You cannot modify individual bytes of a string. Any operation that appears to modify a string actually creates a new string.

Rule 3: len() Returns Bytes, Not Runes

len(s) returns the number of bytes in the string, not the number of Unicode characters (runes).

s := "Hello"  // 5 bytes, 5 runes
fmt.Println(len(s)) // 5

t := "世界"    // 6 bytes, 2 runes
fmt.Println(len(t)) // 6

Rule 4: Indexing Returns Bytes

s[i] returns the i-th byte of the string as type uint8 (which is byte):

s := "Hello"
b := s[0]   // b is byte('H') = 72
fmt.Printf("%T %d\n", b, b) // uint8 72

Rule 5: Cannot Take Address of String Element

It is illegal to take the address of such an element; if s[i] is the i'th byte of a string, &s[i] is invalid.

Rule 6: nil String vs Empty String

Unlike slices, strings cannot be nil.

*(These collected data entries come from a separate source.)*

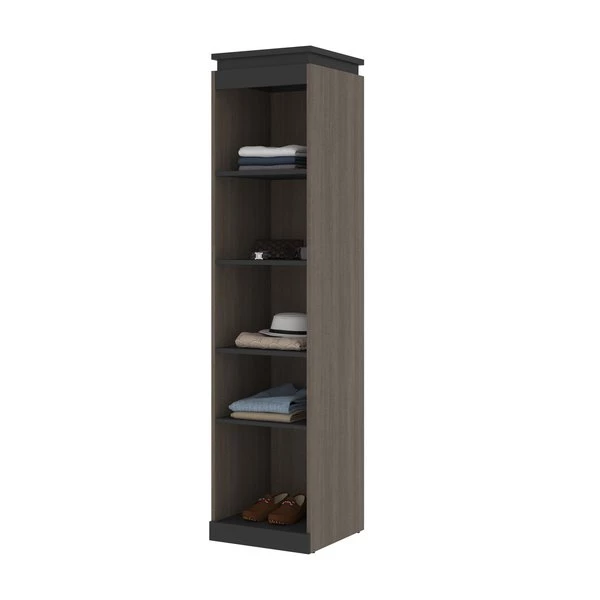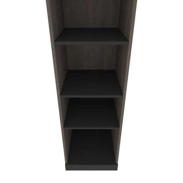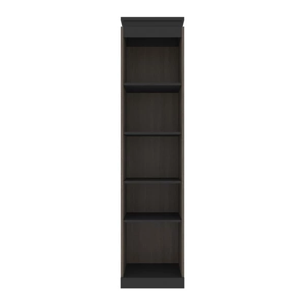 Keep your space organized with this Narrow Shelving Unit. With quality materials and 2 fixed shelves, this unit provides the utmost stability. The 3 adjustable shelves offer flexibility, allowing you to rearrange the unit to your liking. Each shelf can support up to 30 lb to keep your belongings safe. The elevated top is a unique design feature that adds flair to the Shelving Unit. The top has a weight capacity of up to 30 lb, meaning it can be used as an extra shelf. The unit coordinates beautifully with the Full or Queen Murphy Bed from the Orion collection (sold separately). Tested to meet ANSI/BIFMA quality standards for safety and performance.
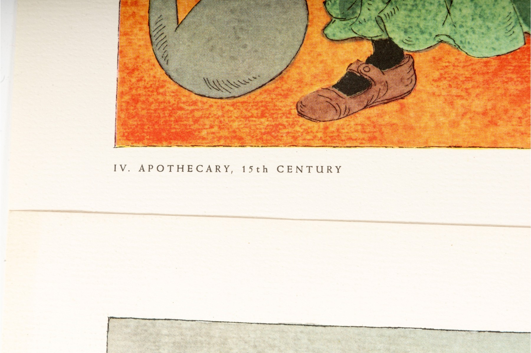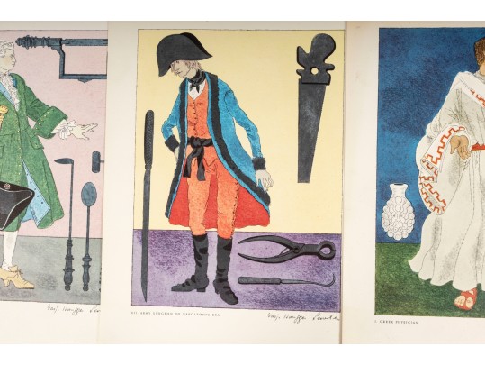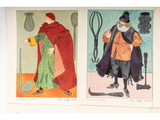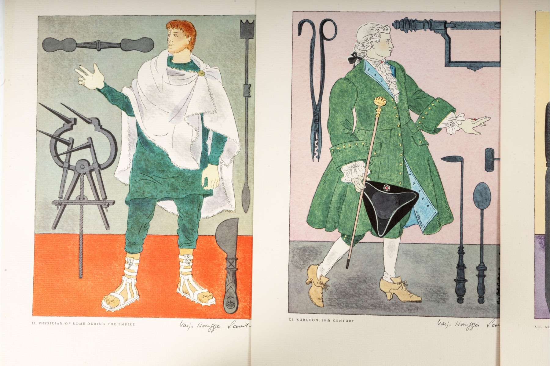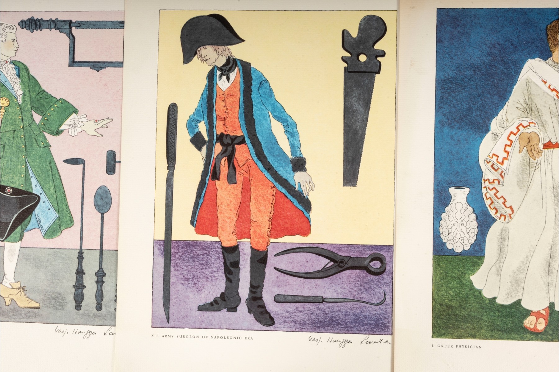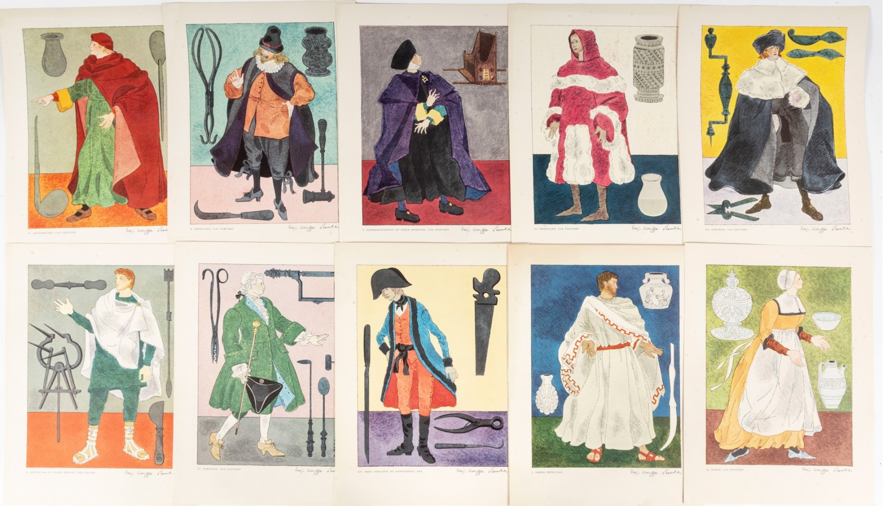 Warja Lavater (Swiss, 1913-2007) complete set of twelve prints depicting figures in medical attire throughout the ages. Each piece is beautifully rendered in full, vibrant color with figures in traditional attire surrounded by instruments they would have used. Presented loose, unframed.
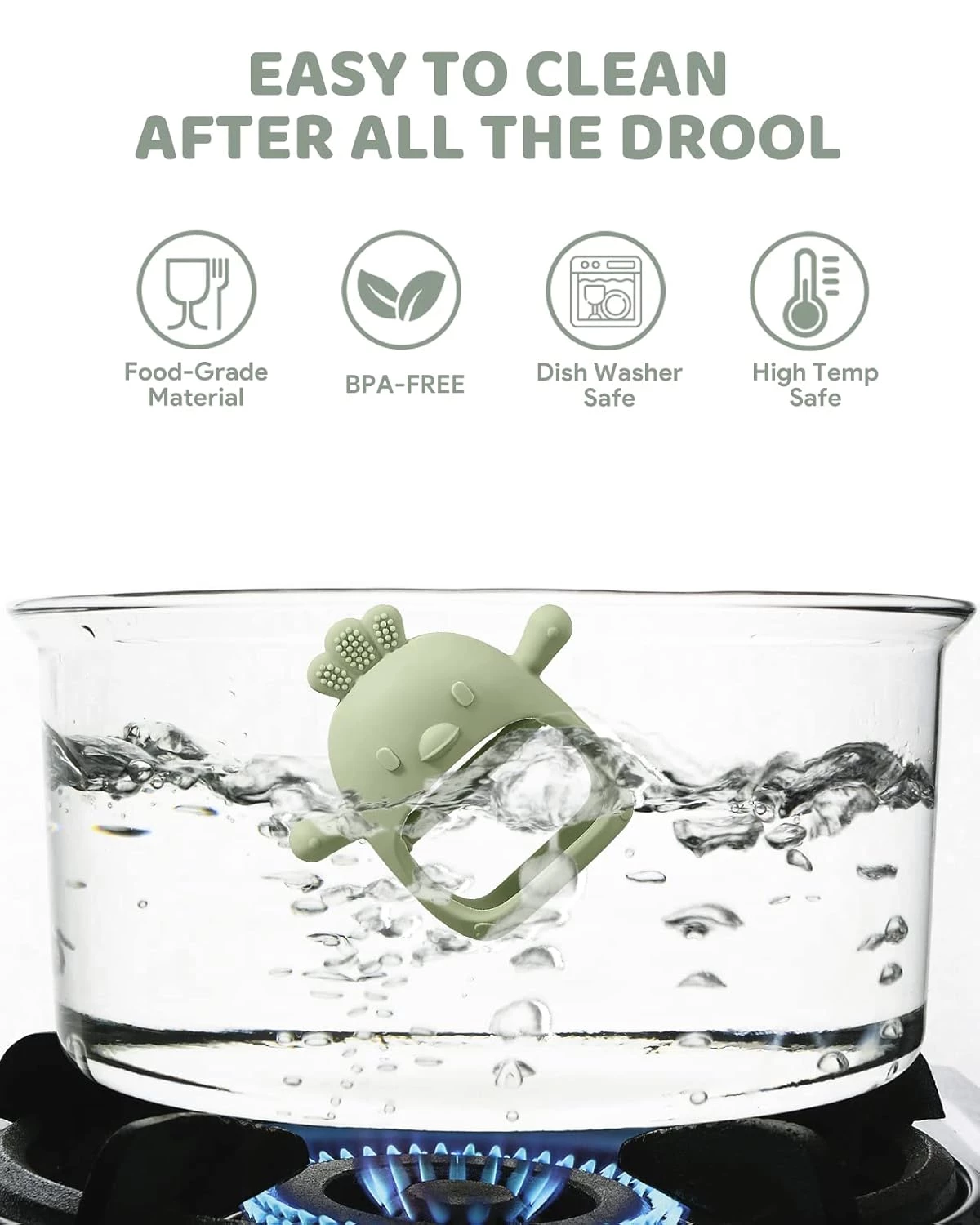 Унікальна форма з «вушками», що нагадують соску, додатково заспокоює дитину та імітує звичний процес ссання. Прорізувач виконаний з безпечного харчового силікону без вмісту бісфенолу-A (BPA), що гарантує повну безпеку при жуванні. Виріб захищає ніжну шкіру рук дитини від подразнень слиною та випадкових самоушкоджень під час активного прорізування зубів.

The zero value of a string is "" (empty string, 0 bytes).


4. Type Rules

string is a Defined Type

string is a predeclared defined type. This means: - It has an underlying type of string - Named string types are distinct: type MyString string - MyString and string are not the same type

Zero Value

The zero value for any string type is "" (empty string, not nil).

String Operations

Operation Description Returns
len(s) Number of bytes int
s[i] i-th byte byte (uint8)
s + t Concatenation string
s += t Append
s == t Equality bool
s != t Inequality bool
s < t Lexicographic less bool
s[i:j] Slice (sub-string) string
s[i:] Slice from i string
s[:j] Slice to j string

Type Conversions Involving Strings

Conversion Result Notes
string(r) where r is rune/int UTF-8 encoding of code point Spec-defined
string(b) where b is []byte String with same bytes Spec-defined
[]byte(s) Byte slice copy Non-nil
[]rune(s) Rune (Unicode) slice UTF-8 decoded
string(n) where n is integer constant DEPRECATED style Use string(rune(n))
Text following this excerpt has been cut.